● About this exercise: Across the whole listing, state how many lines include "dương". Add nothing to that number.

● Data shown:
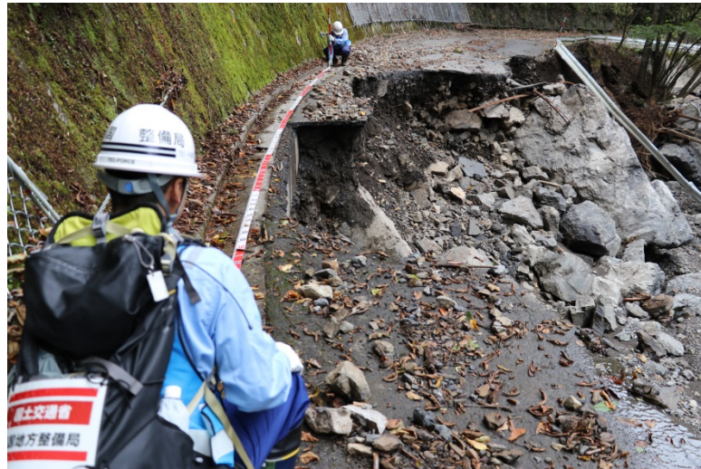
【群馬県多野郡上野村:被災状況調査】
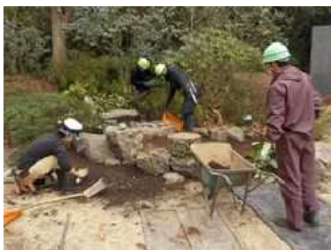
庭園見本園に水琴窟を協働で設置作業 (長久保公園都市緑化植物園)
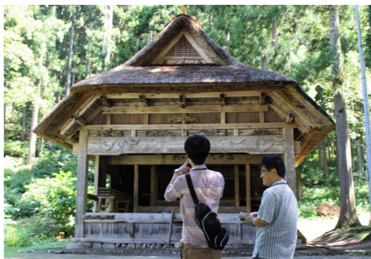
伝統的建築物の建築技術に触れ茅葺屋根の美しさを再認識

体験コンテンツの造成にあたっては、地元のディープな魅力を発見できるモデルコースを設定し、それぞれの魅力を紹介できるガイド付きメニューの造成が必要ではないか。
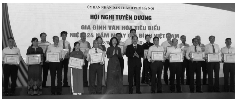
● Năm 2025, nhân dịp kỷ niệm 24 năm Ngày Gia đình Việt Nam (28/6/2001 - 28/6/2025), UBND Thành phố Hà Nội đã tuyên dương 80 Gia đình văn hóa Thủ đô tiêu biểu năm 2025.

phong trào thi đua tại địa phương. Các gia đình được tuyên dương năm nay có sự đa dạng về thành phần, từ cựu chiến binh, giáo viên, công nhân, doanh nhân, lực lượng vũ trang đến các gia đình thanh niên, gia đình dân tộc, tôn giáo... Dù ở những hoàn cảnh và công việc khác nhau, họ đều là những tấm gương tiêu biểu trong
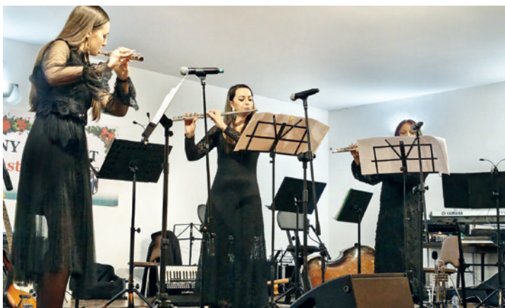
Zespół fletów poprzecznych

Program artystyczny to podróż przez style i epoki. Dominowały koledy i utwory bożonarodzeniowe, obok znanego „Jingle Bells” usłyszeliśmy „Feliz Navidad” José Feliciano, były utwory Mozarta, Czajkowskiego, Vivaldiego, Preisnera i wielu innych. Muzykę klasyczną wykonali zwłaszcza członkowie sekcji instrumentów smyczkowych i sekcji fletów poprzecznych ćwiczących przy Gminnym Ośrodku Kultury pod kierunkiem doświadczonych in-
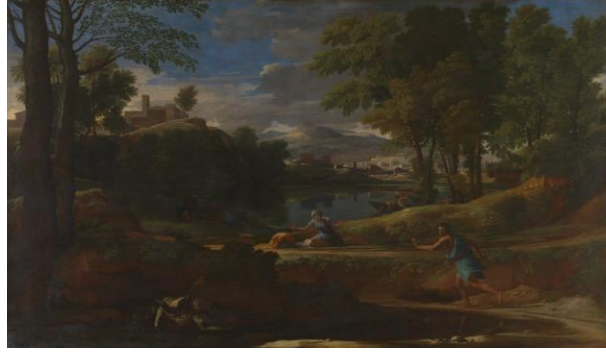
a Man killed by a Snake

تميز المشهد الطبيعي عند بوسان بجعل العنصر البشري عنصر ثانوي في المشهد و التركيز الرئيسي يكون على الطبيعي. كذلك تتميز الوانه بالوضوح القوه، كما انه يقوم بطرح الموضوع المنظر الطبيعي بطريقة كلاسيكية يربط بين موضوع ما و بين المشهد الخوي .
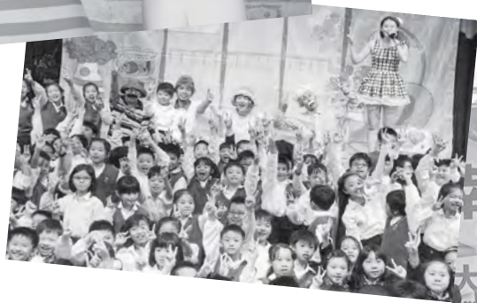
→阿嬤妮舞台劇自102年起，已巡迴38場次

● Exercise result: 2